ACTIVITY	IMMEDIATE PREDECES SORS	OPTI MISTIC TIME	MOST PROBABLE TIME	PESSI MISTIC TIME	EXPECTED TIME	VARIANCE
A	-	1	2	9	3	1.78
B	A	57	58	71	60	5.44
C	A	3	4	11	5	1.78
D	A	5	15	25	15	11.11
E	B	5	6	7	6	0.11
F	D	37	39	47	40	2.78
G	C , E	9	10	11	10	0.11
H	F	3	7	11	7	1.78
I	G	4	5	12	6	1.78
J	H , I	10	12	14	12	0.44

The last two columns are computations necessary to analyze the uncertainty and to conduct Project Scheduling Step 10 Probability Analysis.

The Expected Time for an activity is its weighted average. The formula is:

Expected Time = (Optimistic + 4*Most Likely + Pessimistic) / 6

Note that we divide by six to get the average since we weight the most likely value by 4, resulting in six numbers in the numerator. The expected time for Activity A is:

Expected Time_A = (1 + 4*2 + 9) / 6 = 3

To compute the variance, we use the formula:

Variance = [ ( Pessimistic - Optimistic) / 6 ] ²

Why do we divide the numerator by six? Well, the Beta Distribution has many of the same properties as the Normal Distribution. Recall from statistics that about all of the data in a distribution lies in the area of the mean +/- 3 standard deviations. That means there are six standard deviations from the lowest to the highest number - thus we divide the range by six to estimate the standard deviation, then square it to get the variance. Slick, huh!!

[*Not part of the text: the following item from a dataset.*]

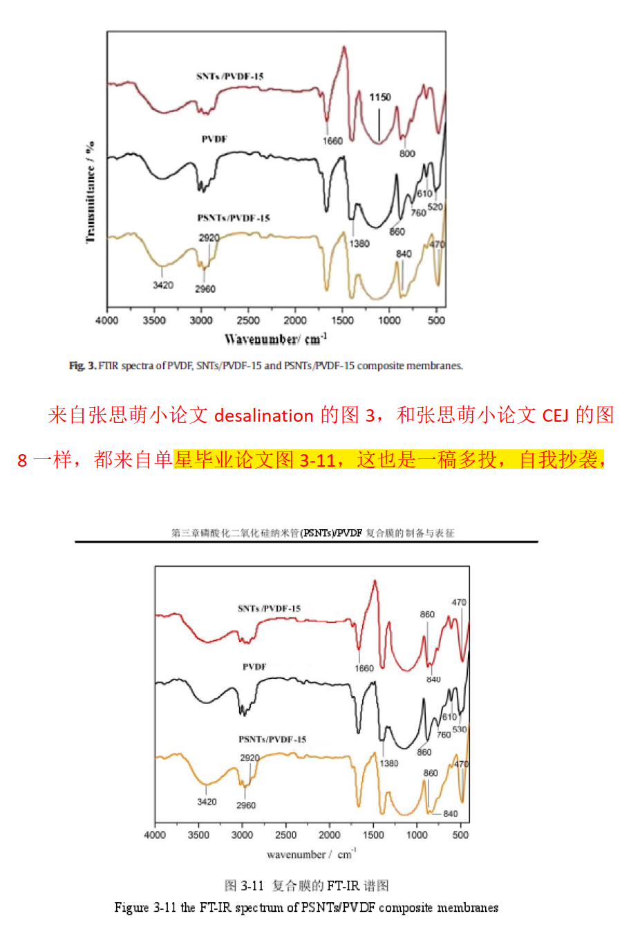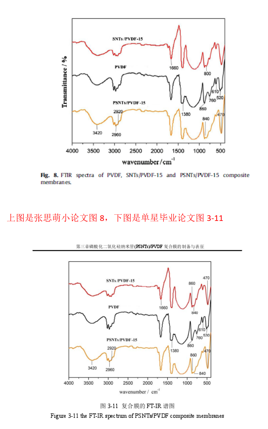 * “Study of Phosphorylated Silica Nanotubes (PSNTs)/Polyvinylidene Fluoride Composite Membranes”(磷酸化二氧化硅纳米管/聚偏氟乙烯复合膜的研究)by SHAN Xing(单星), with 90% overlap and obvious image reuse (with none and little modification).

The variance for Activity A is:

Variance_A = [ (9 - 1 ) / 6 ]² = 1.78

The expected time for the project is the sum of the expected times for activities on the critical path, in this case, 97 weeks. The variance of the project completion time is the sum of the variances of the activities on the critical path. Thus, the variance for this project completion time is the sum of the variances for Activities A, B, E, G, I and J = 1.78 + 5.44 + 1.78 + 11.11 + 0.11 + 2.78 + 0.11 + 1.78 + 1.78 + 0.44 = 9.67. Note carefully that we do not include the variances for activities that have slack as those activities do not impact the project completion time (more on this a bit later). To get the standard deviation for project completion time, we take the square root of the variance:

Standard Deviation_Project = Square Root (9.67) =

3.1 or about 3 weeks

It can be shown (not in this course but a mathematically based statistics course) that the distribution of project completion times (not activity completion times), which is made up of beta distributed activity times, is normal.

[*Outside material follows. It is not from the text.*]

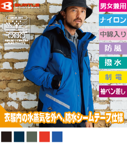雨の侵入を防ぐ!高い防水性と透湿性の高機能防寒。極細繊維マイクロ中綿を使用し保温性もバッチリ。目貼りテープ仕様で水や冷気の侵入を防ぎます。

Remember from statistics that if we know the mean (expected project completion time) and the standard deviation from a Normal Distribution, we can describe the data with The Empirical Rule:

68% of Data is within: Mean +/- 1 Std Dev =

97 + 1 (3) = 94, 100

95% of Data is Within: Mean +/- 2 Std Dev =

97 + 2 (3) = 91, 103

100% of Data is Within: Mean +/- 3 Std Dev =

97 + 3 (3) = 88, 106

This is very valuable information for the project manager. Data in this case means expected project completion times. The project manager can expect most projects with these activity times will be completed within 91 to 103 weeks (95%) - that is good information for planning and budgeting purposes. The 88 to 106 range can be used to detect an "outlier" project completion time. If a project takes more than 106 weeks, something out of the ordinary or unexpected happened.

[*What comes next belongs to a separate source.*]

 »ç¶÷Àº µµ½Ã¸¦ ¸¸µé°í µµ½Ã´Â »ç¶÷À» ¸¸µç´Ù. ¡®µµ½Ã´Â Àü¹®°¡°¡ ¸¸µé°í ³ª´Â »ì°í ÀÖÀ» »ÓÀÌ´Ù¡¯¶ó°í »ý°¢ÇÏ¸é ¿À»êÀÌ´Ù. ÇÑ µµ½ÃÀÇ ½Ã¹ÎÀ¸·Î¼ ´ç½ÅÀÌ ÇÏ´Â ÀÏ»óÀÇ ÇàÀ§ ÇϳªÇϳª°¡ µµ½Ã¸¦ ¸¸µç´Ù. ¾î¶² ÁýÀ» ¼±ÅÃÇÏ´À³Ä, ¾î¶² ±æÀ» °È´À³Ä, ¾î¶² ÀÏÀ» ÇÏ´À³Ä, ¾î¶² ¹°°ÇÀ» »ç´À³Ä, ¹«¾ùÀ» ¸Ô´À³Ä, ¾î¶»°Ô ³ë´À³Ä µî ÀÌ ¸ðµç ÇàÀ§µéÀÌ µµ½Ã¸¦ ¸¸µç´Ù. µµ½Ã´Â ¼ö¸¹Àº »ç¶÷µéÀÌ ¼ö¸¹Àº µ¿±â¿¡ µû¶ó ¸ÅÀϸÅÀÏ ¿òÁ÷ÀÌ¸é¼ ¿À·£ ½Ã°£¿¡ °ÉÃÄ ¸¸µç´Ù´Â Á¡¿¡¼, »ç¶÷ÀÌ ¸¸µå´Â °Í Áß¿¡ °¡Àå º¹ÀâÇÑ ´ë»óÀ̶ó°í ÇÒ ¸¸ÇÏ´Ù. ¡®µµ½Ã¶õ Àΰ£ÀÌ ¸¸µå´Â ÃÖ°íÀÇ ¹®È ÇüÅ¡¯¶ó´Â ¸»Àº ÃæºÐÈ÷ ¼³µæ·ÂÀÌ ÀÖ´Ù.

Knowing the mean and standard deviation is also very useful for probability analysis. Remember that 100% of the distribution has to be accounted for. Thus, what is the probability that we will have a project completion time less than 91 weeks? Note that 95% of the project completion times are between 91 and 103 weeks. That means that 5% of the times are less than 91 and greater than 103. Assuming approximate symmetry to the distribution, 2.5% of the times are below 91, and 2.5% are above 103. So the answer is: there is a 2.5% chance or probability that the completion time will be less than 91 weeks.

What if the boss wants to know the probability that the project completion time is less than 92 weeks. This number isn't at the 1, 2 or 3 standard deviation intervals so I can't use the Empirical Rule to give the boss a fairly close estimate of the probability. So, what do we do?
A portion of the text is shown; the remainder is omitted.